Until March 23, 2020, the Château de Compiègne in France will play host to the exhibition Concept-car. Beauté pure. The event offers a fascinating journey in the field of car-design between the end of the 19th century and the 1970s.

On show are 30 cars, motorcycles and record-breaking vehicles - many of which are here exhibited in Europe for the first time - as well as a hundred photographs, documents, preparatory sketches and miniature models.

Organised by the state cultural institution Réunion des Musées Nationaux - Grand Palais, together with the Château de Compiègne, the exhibition includes the extremely rare Alfa Romeo Scarabeo (1966) normally displayed in the Museo Storico Alfa Romeo - La macchina del tempo and loaned by FCA Heritage, the Department that protects and promotes the history of the FCA Group's Italian brands.

In early 1966, after the Type 33 project created by the engineer Orazio Satta Puliga had been passed on to the Autodelta racing area, Giuseppe Busso proposed a design for another Alfa Romeo sports car with a rear engine, but this time using the GTA four-cylinder engine: the Scarabeo. The engine was mounted transversely in the rear, in a block with the clutch and gearbox, while the tubular frame adopted the ambitious solution - used on the 33 - of the large tubular spars on either side of the interior, containing the fuel tanks.

The bodywork was entrusted to the OSI body shop in Borgaro Torinese: a first example, with a right-hand drive, was presented at the Paris Motor Show in October 1966. A second simplified design prototype was subsequently built - the car currently on display in Compiègne - and a Barchetta was worked on, but not completed.

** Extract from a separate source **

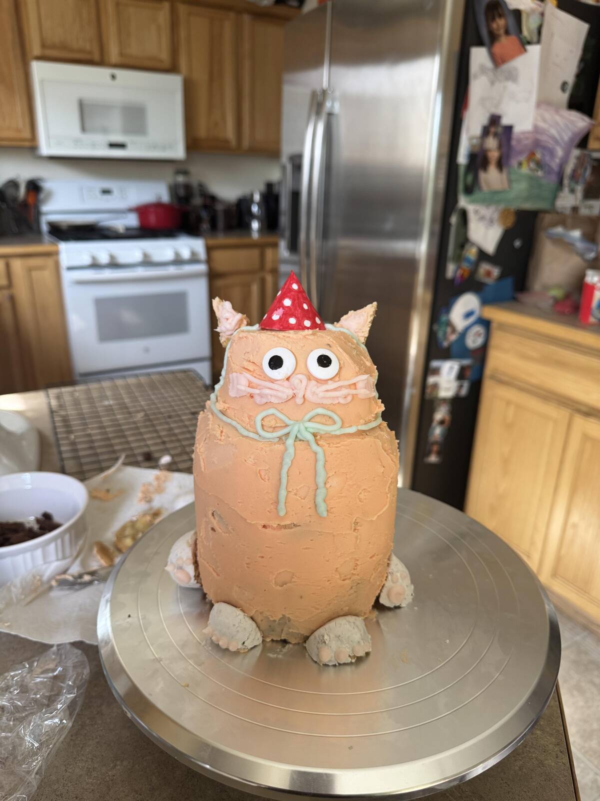 Okay, but I can’t stop looking at those wide eyes! Is it supposed to be a cat or did a potato with a party hat come to life in this kitchen? At least you know this cake is bringing major personality to the party. The little bow just seals the deal—adorable or slightly unsettling? Jury’s out.
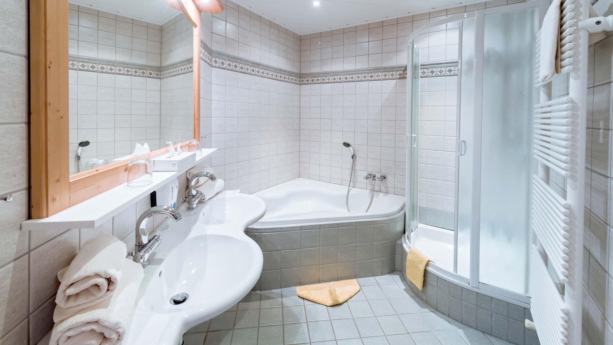 - Großes Badezimmer mit Badewanne, Dusche, Doppelwaschbecken und separatem WC

OSI - Officine Stampaggi Industriali - was founded in Turin in 1960 by Luigi Segre, the former president of Ghia, and Arrigo Olivetti. This company, despite a short period of activity lasting only eight years, left a deep influence on Italian car design. In addition to Segre and the fruitful collaboration with Ghia, OSI also collaborated with famous designers such as Tom Tjaarda, Sergio Sartorelli and Giovanni Michelotti. No less talented, although anonymous, were its skilled workers, who were later partly absorbed into the Fiat Style Center by Dante Giacosa. The OSI company closed its internal style centre in 1967, and from the following year returned to purely molding activities.

The exhibition traces the genesis of the automobile in the form that comes closest to a work of art: the concept car. Created in the 1930s, this type of vehicle was almost always a one-off job, built to perform aerodynamic and stylistic studies or, subsequently, for commercial promotion purposes.

The rare and breathtaking models on show are displayed in the magnificent halls of the neoclassical palace designed by Ange-Jacques Gabriel for Louis XV, which later became an imperial residence under Napoleon I and Napoleon III. The juxtaposition of 18th century architecture and twentieth century design is intended to enhance the motorcars' formal impact as works of art.